I'd like to apply qdap
's polarity
function to a vector of documents, each of which could contain multiple sentences, and obtain the corresponding polarity for each document. For example:
library(qdap)
polarity(DATA$state)$all$polarity
# Results:
[1] -0.8165 -0.4082 0.0000 -0.8944 0.0000 0.0000 0.0000 -0.5774 0.0000
[10] 0.4082 0.0000
Warning message:
In polarity(DATA$state) :
Some rows contain double punctuation. Suggested use of `sentSplit` function.
This warning can't be ignored, as it seems to add the polarity scores of each sentence in the document. This can result in document-level polarity scores outside the [-1, 1] bounds.

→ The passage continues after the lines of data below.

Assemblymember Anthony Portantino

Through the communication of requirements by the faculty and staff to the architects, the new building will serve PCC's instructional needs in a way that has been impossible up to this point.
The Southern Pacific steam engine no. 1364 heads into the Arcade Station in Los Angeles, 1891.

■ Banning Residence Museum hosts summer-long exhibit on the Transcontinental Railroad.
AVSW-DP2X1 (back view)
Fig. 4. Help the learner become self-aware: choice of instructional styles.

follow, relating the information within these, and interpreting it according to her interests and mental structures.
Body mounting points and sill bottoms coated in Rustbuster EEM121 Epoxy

I'm aware of the option to first run sentSplit
and then average across the sentences, perhaps weighting polarity by word count, but this is (1) inefficient (takes roughly 4x as long as running on the full documents with the warning), and (2) unclear how to weight sentences. This option would look something like this:
DATA$id <- seq(nrow(DATA)) # For identifying and aggregating documents
sentences <- sentSplit(DATA, "state")
library(data.table) # For aggregation
pol.dt <- data.table(polarity(sentences$state)$all)
pol.dt[, id := sentences$id]
document.polarity <- pol.dt[, sum(polarity * wc) / sum(wc), "id"]

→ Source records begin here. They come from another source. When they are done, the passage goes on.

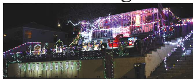
Gilmore St. Heppner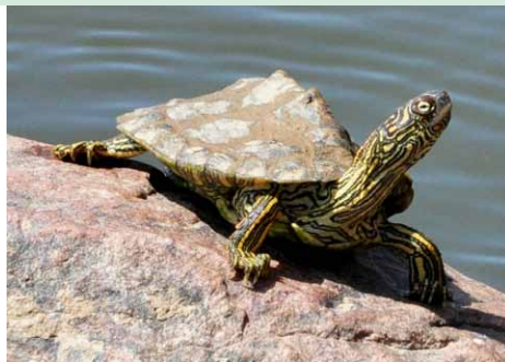
Texas Map Turtle

and conservation community, in conjunction with US state and federal wildlife agencies, recently developed recommendations for managing freshwater and land turtle populations. These recommendations include better monitoring and tracking of turtle harvests, as well as the need for more long-term population studies on wild turtles. This new guidance is intended to draw more attention to emerging US turtle concerns. In addition, a new effort is underway to better understand the current distribution of turtles. This Turtle Mapping Project begins in January 2011 (see http://www.parcplace.org/yotmapping.htm ).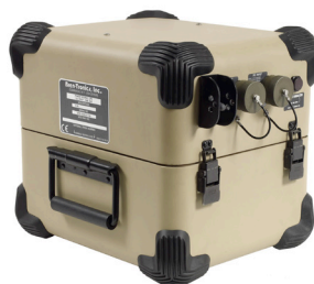
BREN-TRONICS U BASED PORTABLE POWER SYSTEM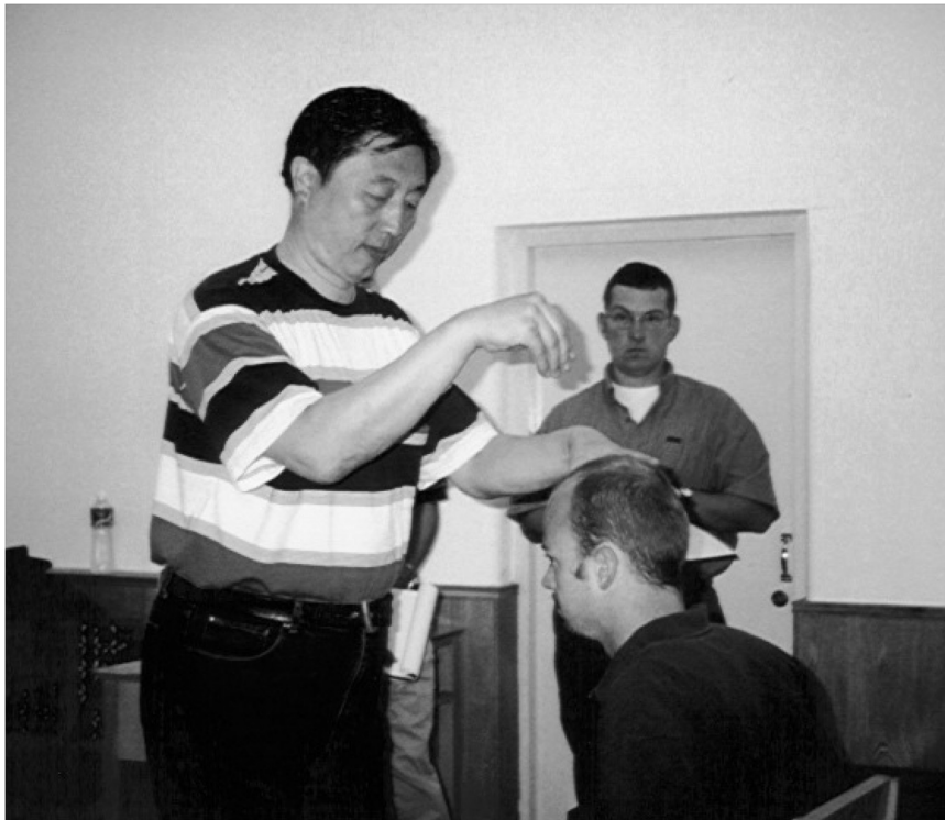
Medical QiGong Technique, Beijing China 1999

Provider Number 450089-06 NCBTMB APPROVED PROVIDER

I was hoping I could run polarity
on a version of the vector with periods removed, but it seems that sentSplit
does more than that. This works on DATA
but not on other sets of text (I'm unsure of the full set of breaks other than periods).
So, I suspect the best way of approaching this is to make each element of the document vector look like one long sentence. How would I do this, or is there another way?